Nesse cenário, os profissionais da comunicação se veem envolvidos em questionamentos éticos por conta de sua atividade. O autor frisa que o jornalista, independentemente do veículo ou empresa em que esteja atuando, só deixa de cumprir seus compromissos éticos quando trabalha vínculo com a verdade. À primeira vista, a afirmação parece de fácil compreensão levando em conta que basta falar a verdade para ser ético. Entretanto, e quando se trata de comunicação, a delicadeza do assunto é maior; não é tão simples de detectar a ética de cada profissional. Basta saber que existem dois tipos de ética: a ética de convicção e a ética de responsabilidade. Fundada em princípios que cada um julga como certos, a ética de convicção varia de indivíduo para indivíduo. Em contrapartida, cabe àqueles que adotam a ética de responsabilidade analisar cada situação e levar em conta todos os fatores que podem levar ao melhor resultado. É por isso que cada organização tende a adotar a sua própria ética, num compêndio que reúne valores corretos que devem ser praticados pelos funcionários.

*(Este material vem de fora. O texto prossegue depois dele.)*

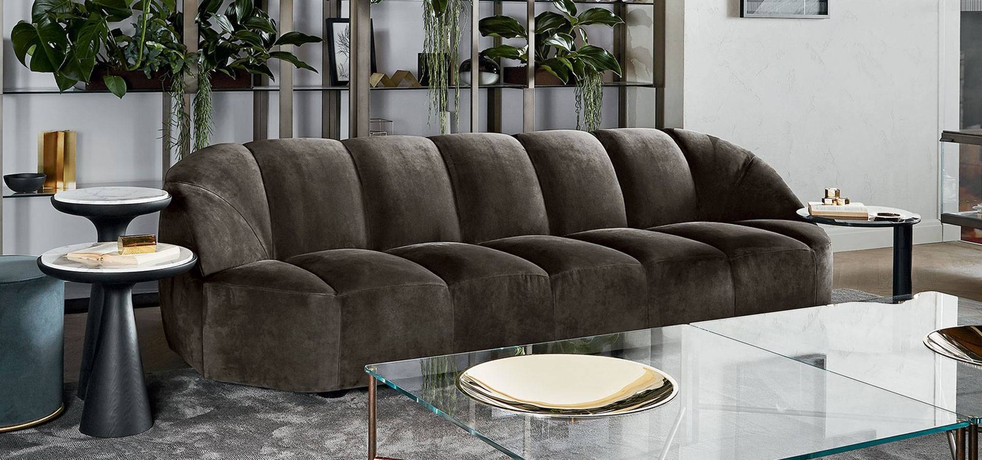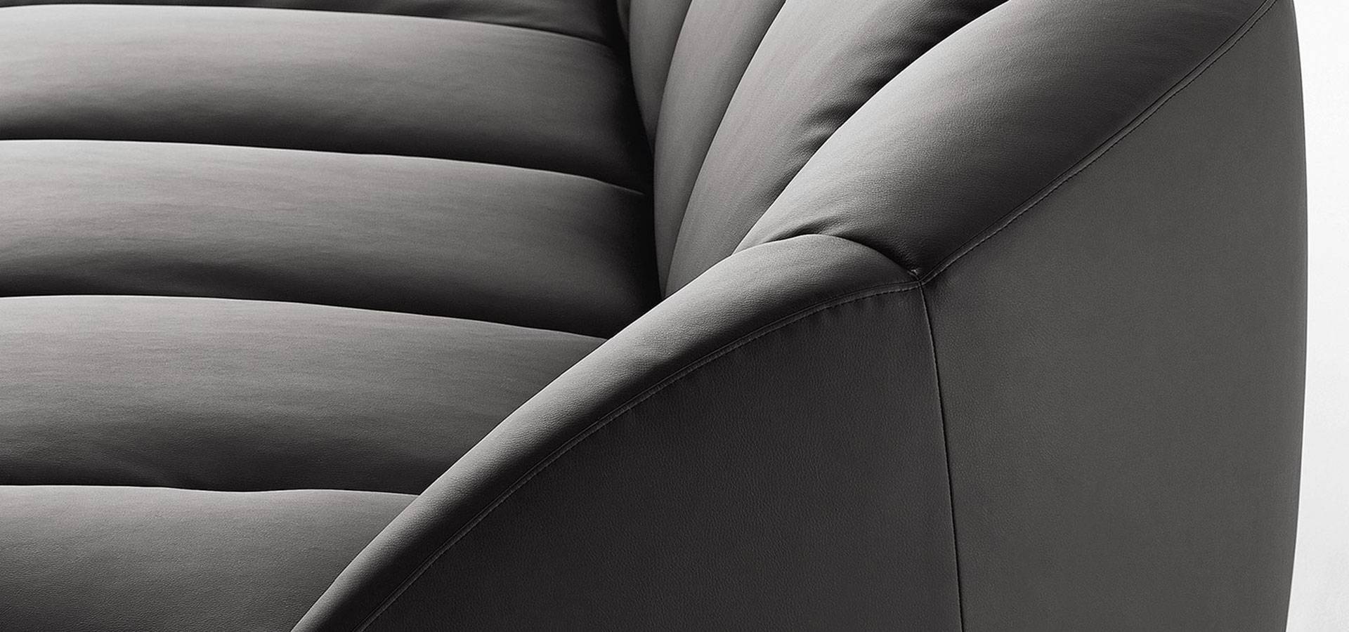 Sofa with internal structure made of wood and by-products and non-deformable polyurethane foam of various densities and polyester fiber. MDF mass base in black. There are two polyester fiber back cushions. Upholstery in the samples' hues is available in fabric or leather. On request, polyester fiber decorative cushions are available. Fabric cover can be removed if desired.

Porém, definir os padrões éticos que devem nortear o trabalho de uma empresa não é nada simples. Segundo Humberg, no Brasil essa missão é ainda mais complexa ao passo que faz parte da imagem que o próprio povo tem de seu país, com políticos corruptos, escândalos e atentados diários contra a lei. Vive-se do vale-tudo, na pátria dos espertos, em que burlar algumas práticas éticas é normal e até aceitável. Portanto, a empresa deve ter muito cuidado ao criar um código de ética para que este não seja meramente decorativo. É preciso que haja uma preocupação com o que a organização espera de seus parceiros, funcionários e fornecedores, e isso precisa estar claro não só no papel, mas também para todos os envolvidos no processo.

Os profissionais atuantes na comunicação de grandes corporações precisam estar sempre atentos, pois uma hora ou outra se pegarão envolvidos no que Humberg caracteriza como dilemas éticos. Tendo acesso a informações passadas pelo seu contratante – a empresa -, o assessor irá transmitir ao público informações que nem sempre consegue apurar da forma devida. Nesse caso, mais uma vez o autor bate na tecla da verdade: “São dezenas de dilemas éticos que o profissional de comunicação e relações públicas enfrenta em sua vida e para os quais só há um caminho a seguir: investigar, no limite do possível, a verdadeira situação e atuar na organização enquanto tiver certeza de que ela está agindo de forma correta”.